- HOW TO COMPLETE THIS TASK:
For the entries that follow, retype exactly the lines from the one containing "THEMISTOCLESOF ABERDEEN, P." to the one containing "Сандалии искусственная кожа", inclusive, and only those. Images stay out of the copy.

- RECORDED DATA:
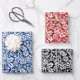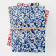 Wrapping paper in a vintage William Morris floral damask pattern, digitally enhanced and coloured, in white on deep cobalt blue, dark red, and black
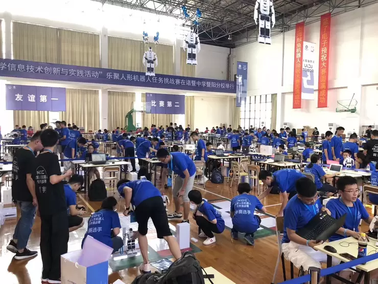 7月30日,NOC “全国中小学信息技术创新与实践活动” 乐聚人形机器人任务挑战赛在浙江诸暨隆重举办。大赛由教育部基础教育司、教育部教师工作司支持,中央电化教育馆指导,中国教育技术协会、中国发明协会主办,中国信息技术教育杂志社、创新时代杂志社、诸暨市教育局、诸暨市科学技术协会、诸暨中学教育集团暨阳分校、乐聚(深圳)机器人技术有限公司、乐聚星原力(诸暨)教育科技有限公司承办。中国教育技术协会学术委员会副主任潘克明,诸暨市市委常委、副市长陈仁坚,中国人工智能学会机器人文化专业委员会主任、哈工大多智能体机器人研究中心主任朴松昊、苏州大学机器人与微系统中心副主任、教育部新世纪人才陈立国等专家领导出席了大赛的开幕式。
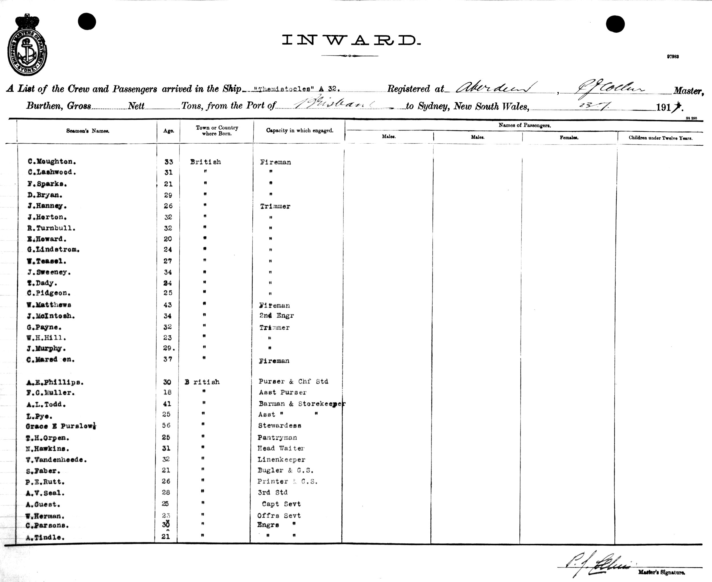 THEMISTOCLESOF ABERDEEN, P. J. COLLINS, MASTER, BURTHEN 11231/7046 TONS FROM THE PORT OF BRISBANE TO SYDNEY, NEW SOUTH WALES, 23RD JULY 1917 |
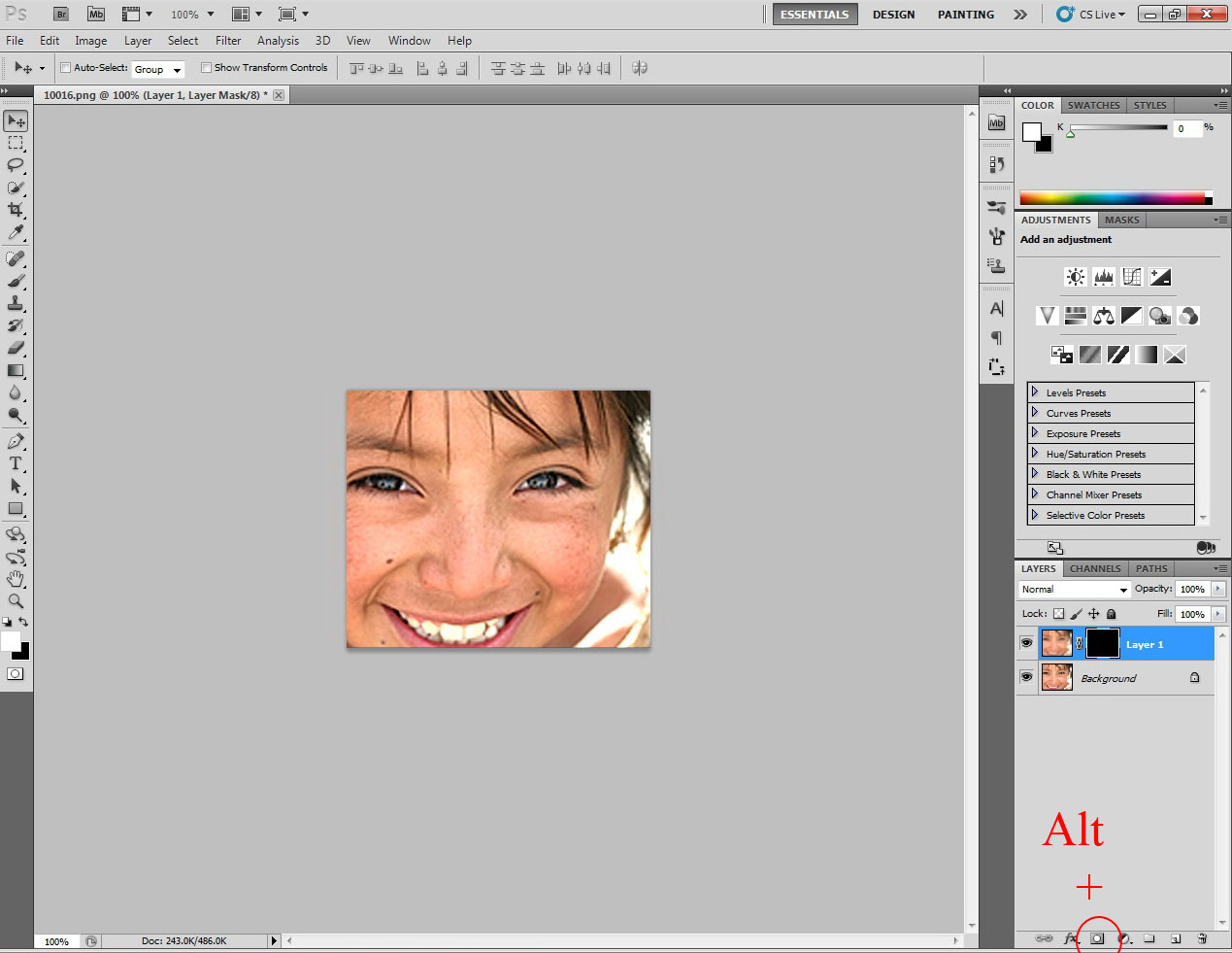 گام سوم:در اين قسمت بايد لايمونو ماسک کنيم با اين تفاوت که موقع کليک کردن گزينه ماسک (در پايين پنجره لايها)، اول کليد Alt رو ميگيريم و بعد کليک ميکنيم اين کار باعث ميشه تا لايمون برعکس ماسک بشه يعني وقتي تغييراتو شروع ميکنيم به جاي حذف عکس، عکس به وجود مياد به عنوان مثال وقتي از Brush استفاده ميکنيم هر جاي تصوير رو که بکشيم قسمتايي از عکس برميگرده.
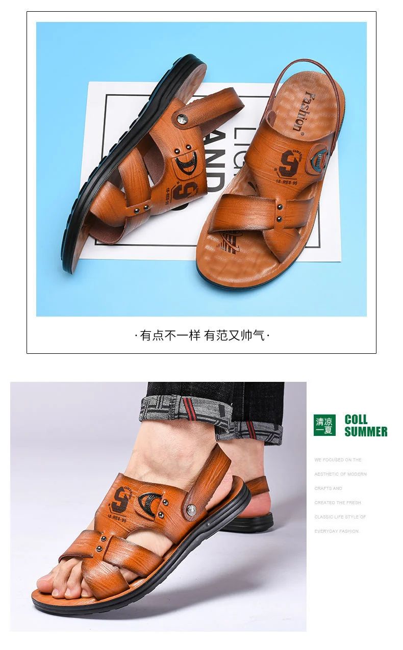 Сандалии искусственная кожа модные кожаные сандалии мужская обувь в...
---
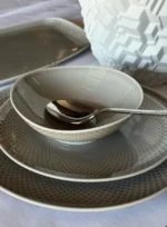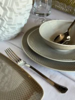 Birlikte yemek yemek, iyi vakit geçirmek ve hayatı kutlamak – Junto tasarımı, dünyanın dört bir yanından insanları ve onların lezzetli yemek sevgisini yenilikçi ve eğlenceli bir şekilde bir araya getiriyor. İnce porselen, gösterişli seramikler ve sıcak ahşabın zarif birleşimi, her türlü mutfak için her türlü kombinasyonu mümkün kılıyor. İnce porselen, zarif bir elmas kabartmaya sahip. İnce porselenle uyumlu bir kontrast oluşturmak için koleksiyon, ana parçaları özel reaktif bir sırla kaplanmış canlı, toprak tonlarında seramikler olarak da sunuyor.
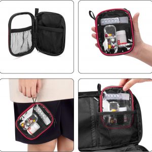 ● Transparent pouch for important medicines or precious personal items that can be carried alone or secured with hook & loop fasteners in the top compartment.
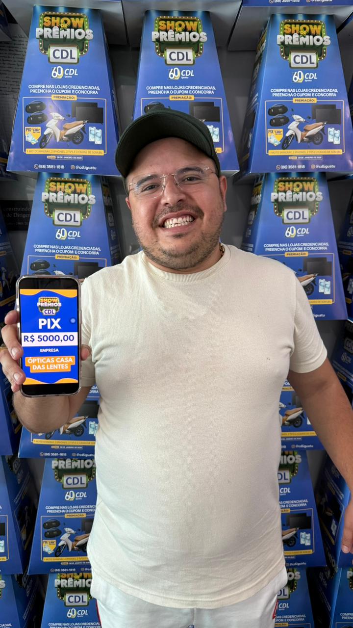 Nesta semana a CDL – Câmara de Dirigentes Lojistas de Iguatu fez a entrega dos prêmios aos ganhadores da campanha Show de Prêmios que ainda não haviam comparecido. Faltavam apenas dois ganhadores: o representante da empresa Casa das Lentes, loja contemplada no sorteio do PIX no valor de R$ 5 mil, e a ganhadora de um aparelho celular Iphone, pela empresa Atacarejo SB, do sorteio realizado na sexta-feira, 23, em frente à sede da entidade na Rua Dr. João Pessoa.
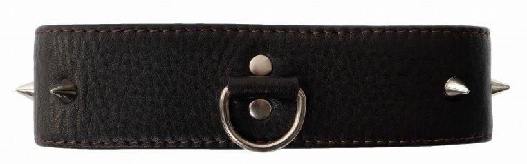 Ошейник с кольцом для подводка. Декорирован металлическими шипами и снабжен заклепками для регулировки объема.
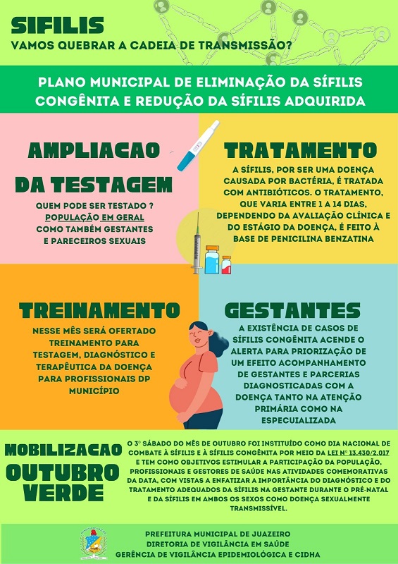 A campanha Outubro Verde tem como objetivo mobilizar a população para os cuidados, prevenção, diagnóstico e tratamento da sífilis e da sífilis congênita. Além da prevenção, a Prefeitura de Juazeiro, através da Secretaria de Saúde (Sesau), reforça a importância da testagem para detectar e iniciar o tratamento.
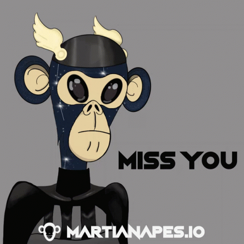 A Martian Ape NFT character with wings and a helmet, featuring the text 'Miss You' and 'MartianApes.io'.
==
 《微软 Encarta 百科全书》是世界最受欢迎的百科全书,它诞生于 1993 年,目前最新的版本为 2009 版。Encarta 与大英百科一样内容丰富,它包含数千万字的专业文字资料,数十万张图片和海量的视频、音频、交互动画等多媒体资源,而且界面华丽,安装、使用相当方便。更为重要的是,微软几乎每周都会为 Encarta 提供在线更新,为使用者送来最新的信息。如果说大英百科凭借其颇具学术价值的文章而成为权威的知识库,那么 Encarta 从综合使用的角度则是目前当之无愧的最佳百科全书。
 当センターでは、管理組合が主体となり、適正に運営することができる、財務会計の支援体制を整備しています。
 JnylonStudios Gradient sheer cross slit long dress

- SOLUTION TO THIS PROBLEM:
 THEMISTOCLESOF ABERDEEN, P. J. COLLINS, MASTER, BURTHEN 11231/7046 TONS FROM THE PORT OF BRISBANE TO SYDNEY, NEW SOUTH WALES, 23RD JULY 1917 |
 گام سوم:در اين قسمت بايد لايمونو ماسک کنيم با اين تفاوت که موقع کليک کردن گزينه ماسک (در پايين پنجره لايها)، اول کليد Alt رو ميگيريم و بعد کليک ميکنيم اين کار باعث ميشه تا لايمون برعکس ماسک بشه يعني وقتي تغييراتو شروع ميکنيم به جاي حذف عکس، عکس به وجود مياد به عنوان مثال وقتي از Brush استفاده ميکنيم هر جاي تصوير رو که بکشيم قسمتايي از عکس برميگرده.
 Сандалии искусственная кожа модные кожаные сандалии мужская обувь в...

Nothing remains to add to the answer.